After decades of reluctance on the part of world leaders, a rapid, smooth, and purposeful transition toward sustainable development seems unlikely. Indeed, throughout human history, such major changes have more often been forced upon the world by circumstances, with leaders focusing on shorter-term concerns like political turmoil or economic stagnation until serious disruptions to their economies and societies arise.
But this need not be the case. Policymakers can develop solutions that leverage immediate challenges to guide the shift toward a more sustainable, inclusive future.
This year, which has been dubbed “the year of sustainable development,” provides an ideal opportunity in this regard. At high-level meetings in Sendai, Japan, in March and in Addis Ababa, Ethiopia, in July, world leaders will pursue closer collaboration on disaster-risk reduction and on mobilizing finance for development, respectively. In September, the United Nations will launch its Sustainable Development Goals, to serve as the framework for global development efforts until 2030.
Moreover, global climate negotiations will reach a critical point in December, when world leaders meet for the United Nations Climate Change Conference in Paris. And the agendas of the forthcoming G-7 and G-20 summits will both feature measures to combat climate change.

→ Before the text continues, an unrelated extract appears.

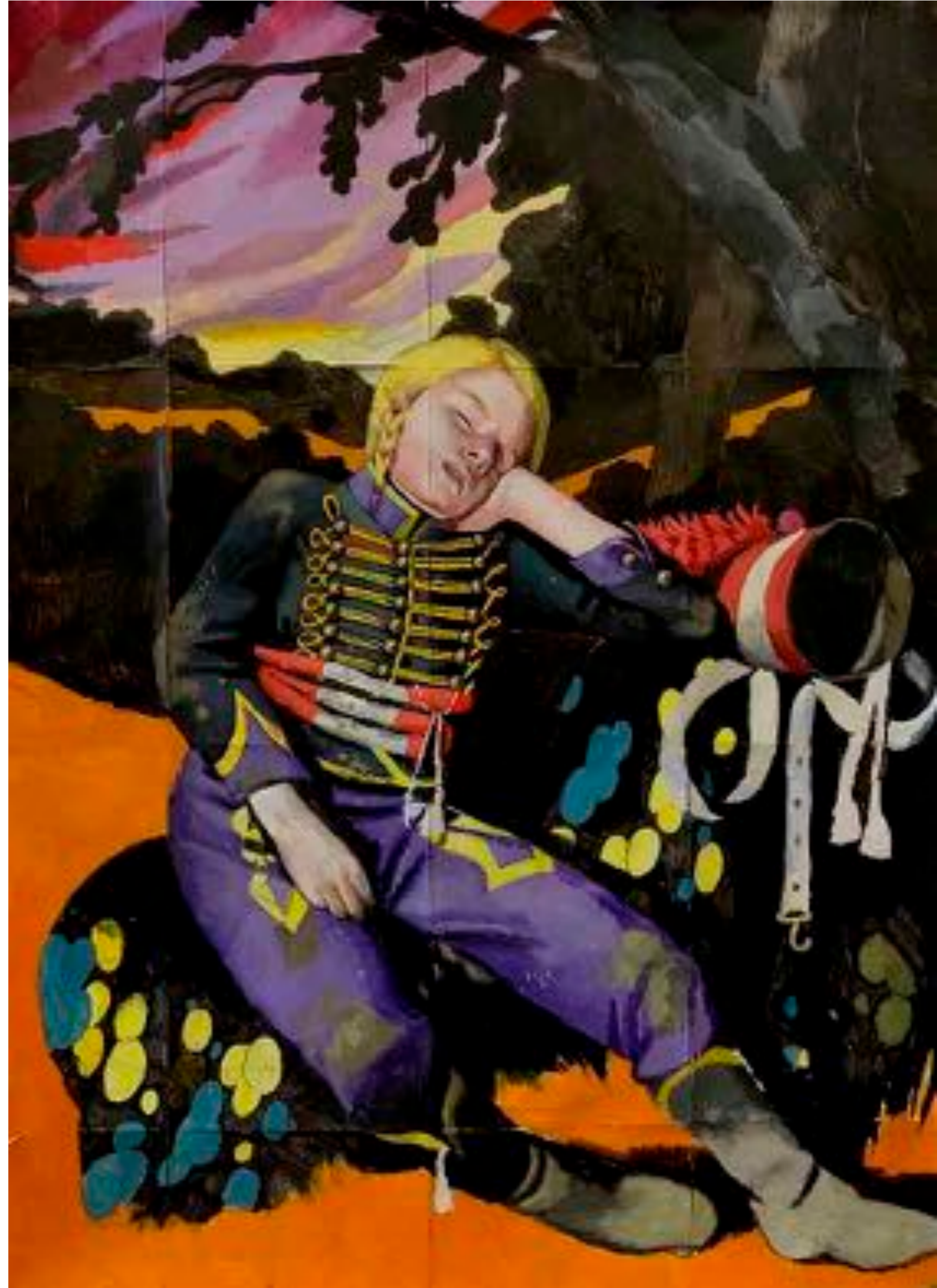
ACRYLICS ON SHEETS OF PAPER JOINED TOGETHER 119X165 CM, 2021

Such multilateral frameworks catalyze progress. Indeed, agreements like last year’s deal between China and the United States to reduce carbon-dioxide emissions – not to mention initiatives to mobilize business, such as We Mean Business – are unlikely to happen without them. Nonetheless, as Mancur Olson famously observed, it is the individual interests of the parties that drive collective success.
For example, China’s recent embrace of sustainable development, which will serve the planet’s long-term interests, is driven by the domestic challenges posed by air, water, and land pollution. Rather than agonize over growing disruptions, China’s government has decided to hasten the shift toward a dynamic green economy, even if it means stranding assets and allowing businesses that do not suit China’s shifting needs to fail – an approach that will deliver a long-term competitive advantage. The rest of the world should recognize the benefits of allowing short-term disruptions to drive, not distract from, the sustainability agenda.

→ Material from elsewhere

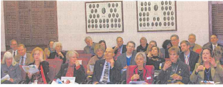
Legislators participate in water trivia at the 2013 Legislative Lunch

Even perverse signals can be mitigated and leveraged. Instead of allowing low oil prices to encourage consumption, governments could take the opportunity to impose a small, politically acceptable energy or carbon-equivalent tax – an approach advocated by many economists and development specialists, including Jeffrey Sachs, Lawrence Summers, and Kemal Derviş.
One area where such an opportunity is already apparent is financial reform. Today’s historically low interest rates should encourage long-term investment, as they lower the current cost of capital. But new financial regulatory frameworks – such as Basel III, which aims to reduce risk in the banking sector, and Solvency II, the European Union’s equivalent for insurance companies – are inadvertently discouraging such investment. This undermines both short-term efforts to boost employment and the long-term objective of sustainable growth.
It does not have to be this way. As the UN Environment Programme emphasized in a briefing at the World Economic Forum in Davos, saving the financial sector from itself can accelerate the transition to sustainable development. For example, effective risk management and longer-term policy objectives would be better aligned if regulators reduced capital requirements for banks that extend loans for climate-resilient and environmentally friendly investments. Similarly, central banks’ inflated balance sheets – the result of short-term crisis-response measures – could, through refinancing arrangements, be used to boost green investment. Further quantitative easing, such as by the European Central Bank, could be directed toward greener asset-backed securities.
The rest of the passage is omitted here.